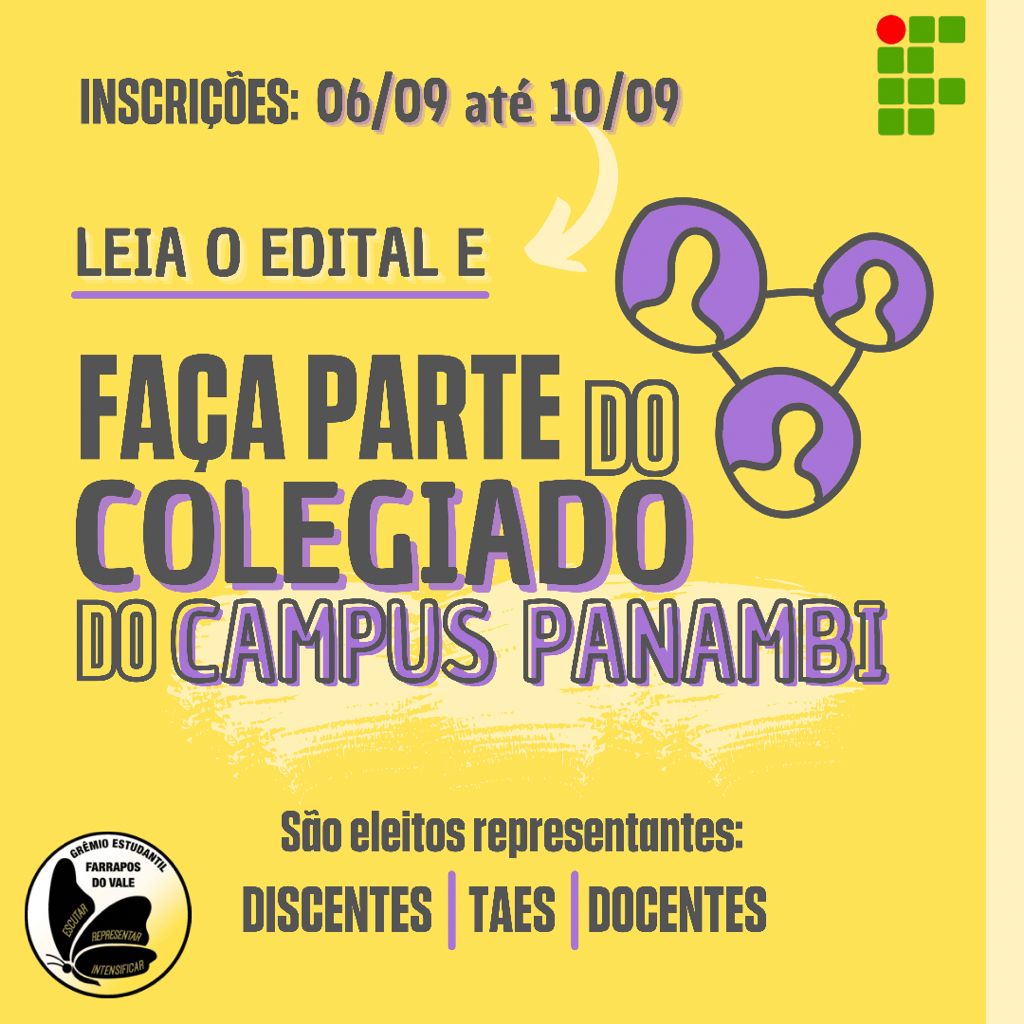 No dia 22/09, entre 10h às 20h, ocorrerá o processo de consulta para eleição dos novos membros do Colegiado do Campus Panambi. O voto para escolha dos representantes de cada categoria será facultativo, direto, secreto e uninominal.
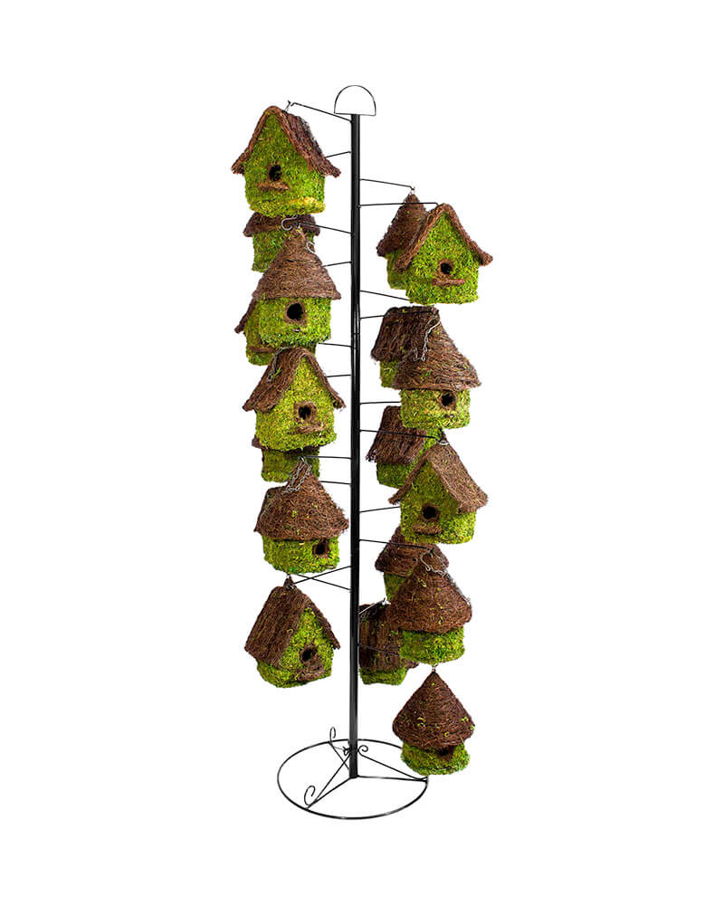 Retail display Pole, 74 inches in height, with 11 adjustable hooks to display SuperMoss birdhouses.
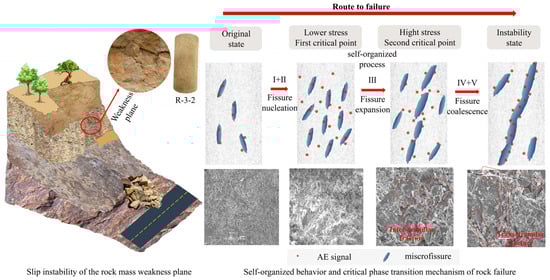 Multiscale framework depicting then self-organized criticality evolution, phase transition mechanics, progressive fracturing mechanisms within rock mass weakness planes.
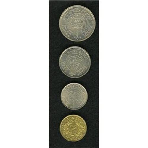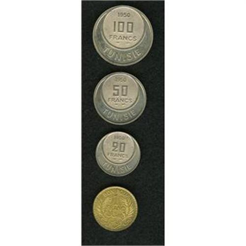 <B>Protectorate Essai Quartet, </B></I>KM-PE3 Piefort Franc 1945, nice UNC, very scarce with only 104 minted, plus 20, 50 and 100 Francs 1950 Essais, KM-E28-30, UNC with a few tiny spots, scarce type, and underrated in the SCWC.
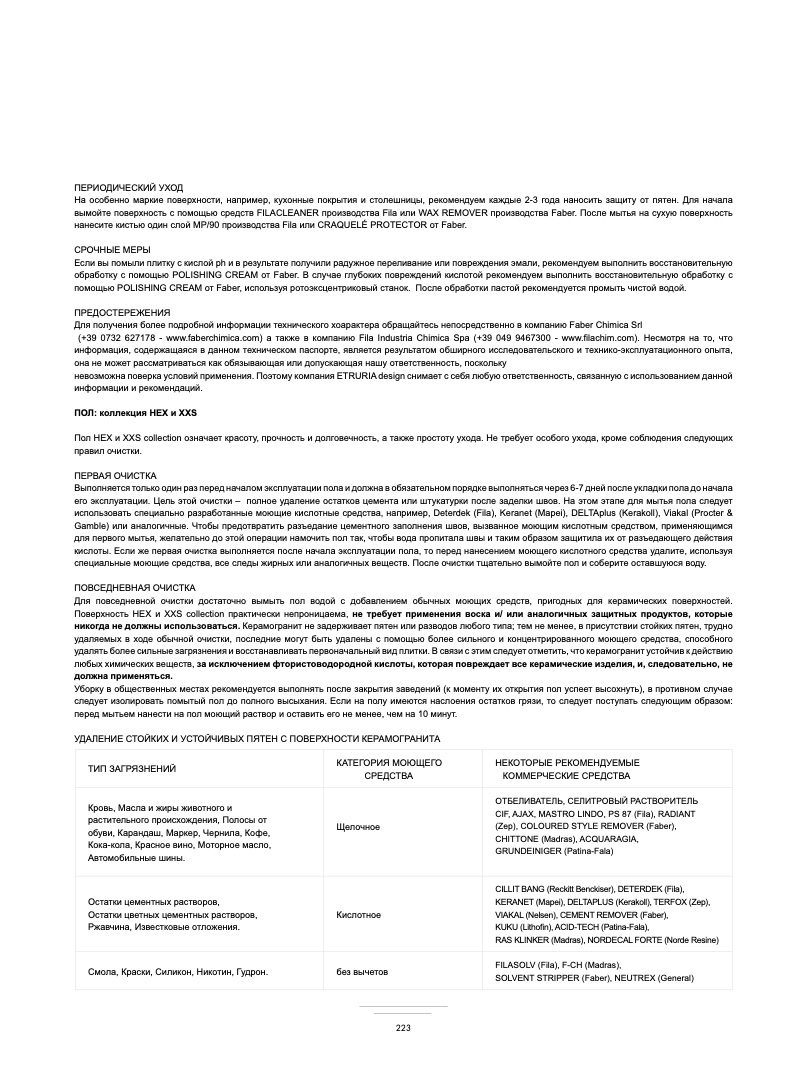 Для получения более подробной информации технического хоарактера обращайтесь непосредственно в компанию Faber Chimica Srl
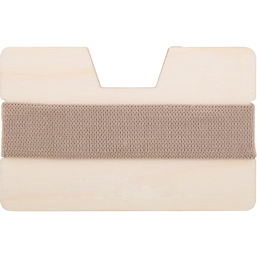 Kreditkortshållare av äkta trä. Korten hålls på plats med ett elastiskt band. Naturligt är vackert!
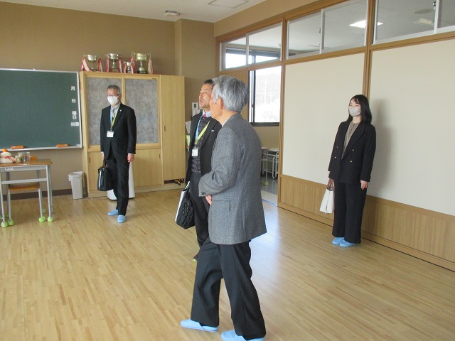 記念撮影の後は校舎内の教室の様子や新しい体育館を見て頂きました。旧横林小の子供たちが「あ、知ってるおじさんだ。今日は!」と挨拶に来てくれました。箒根学園での生活にもすっかり慣れた子供たちの元気いっぱいの笑顔を見て、印南様も心から喜んでくださいました。
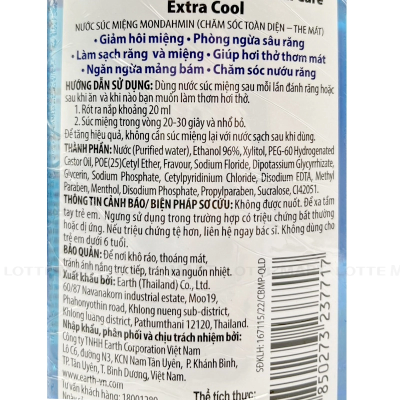 - Nước Súc Miệng Mondahmin Total Care Extra Cool thuộc thương hiệu của Nhật Bản, được phát triển dựa trên công thức kết hợp hoàn hảo các thành phần giúp bạn vệ sinh răng miệng mỗi ngày, bảo vệ sức khỏe răng miệng cả gia đình một cách toàn diện với hương vị độc đáo riêng biệt, sảng khoái, sạch sẽ.
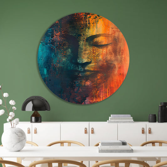 Abstracte Boeddha in levendige kleuren aluminium muurcirkel
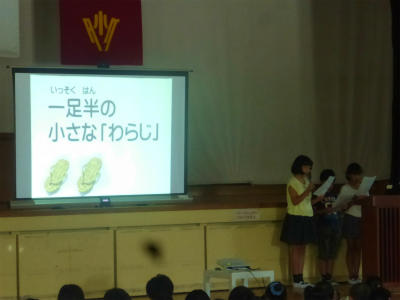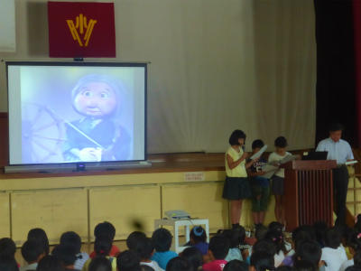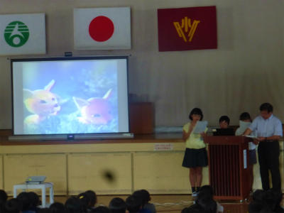 今日の全校朝会では、「おはなし玉手箱」の画像の一部を使いながら、校長先生と6年生の児童が、このお話を紹介してくれました。
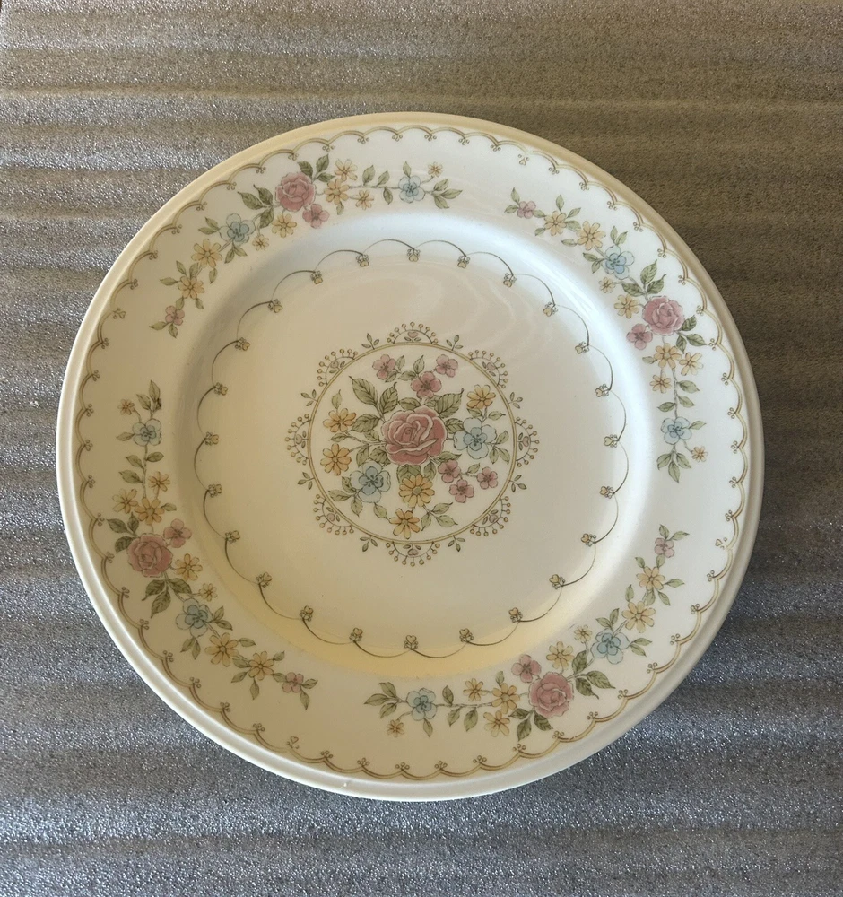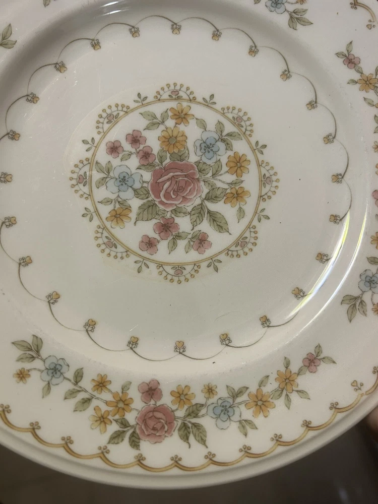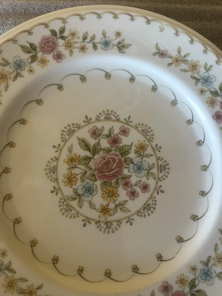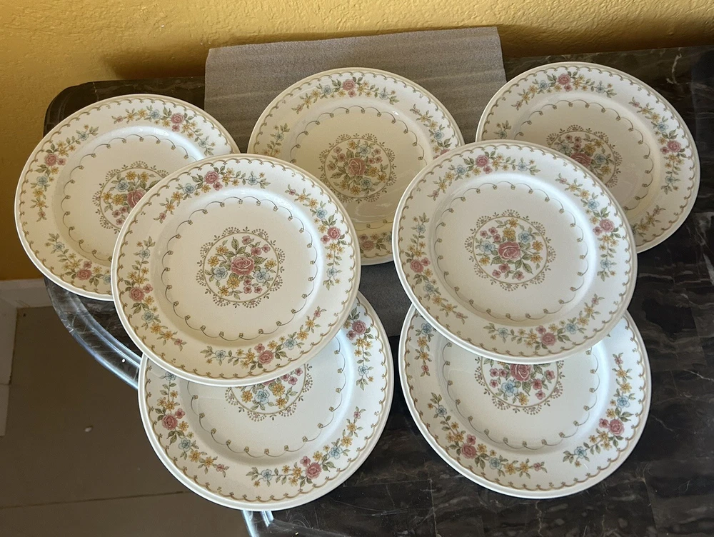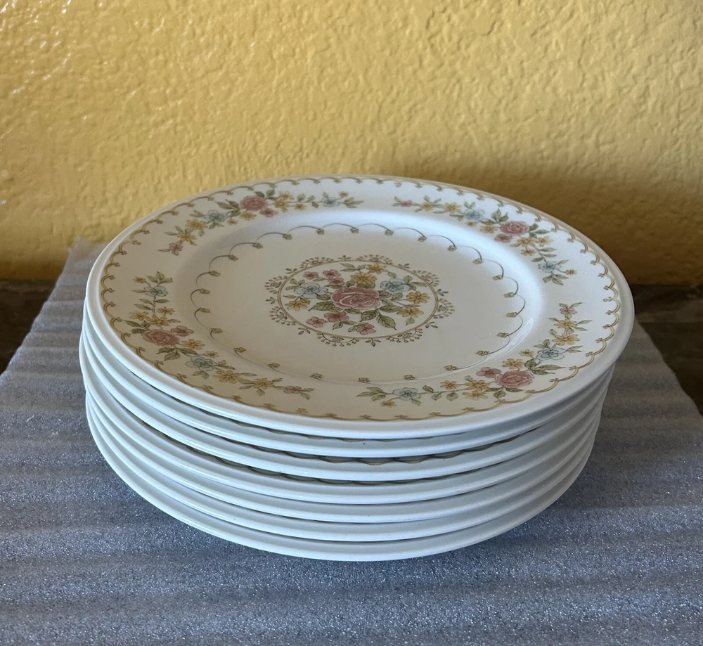 7 Noritake Verse Salad Plates Set Vintage Floral Pink Yellow Versatone Japan .8” Pre owned but in good condition

^^^^^^^^

EXERCISE REQUIREMENTS –
When you reach the line containing "Kreditkortshållare av äkta" in the records above, write out that line and every line after it through the end, exactly, but omit the pictures.

SOLVED PROBLEM –
 Kreditkortshållare av äkta trä. Korten hålls på plats med ett elastiskt band. Naturligt är vackert!
 記念撮影の後は校舎内の教室の様子や新しい体育館を見て頂きました。旧横林小の子供たちが「あ、知ってるおじさんだ。今日は!」と挨拶に来てくれました。箒根学園での生活にもすっかり慣れた子供たちの元気いっぱいの笑顔を見て、印南様も心から喜んでくださいました。
 - Nước Súc Miệng Mondahmin Total Care Extra Cool thuộc thương hiệu của Nhật Bản, được phát triển dựa trên công thức kết hợp hoàn hảo các thành phần giúp bạn vệ sinh răng miệng mỗi ngày, bảo vệ sức khỏe răng miệng cả gia đình một cách toàn diện với hương vị độc đáo riêng biệt, sảng khoái, sạch sẽ.
 Abstracte Boeddha in levendige kleuren aluminium muurcirkel
 今日の全校朝会では、「おはなし玉手箱」の画像の一部を使いながら、校長先生と6年生の児童が、このお話を紹介してくれました。
 7 Noritake Verse Salad Plates Set Vintage Floral Pink Yellow Versatone Japan .8” Pre owned but in good condition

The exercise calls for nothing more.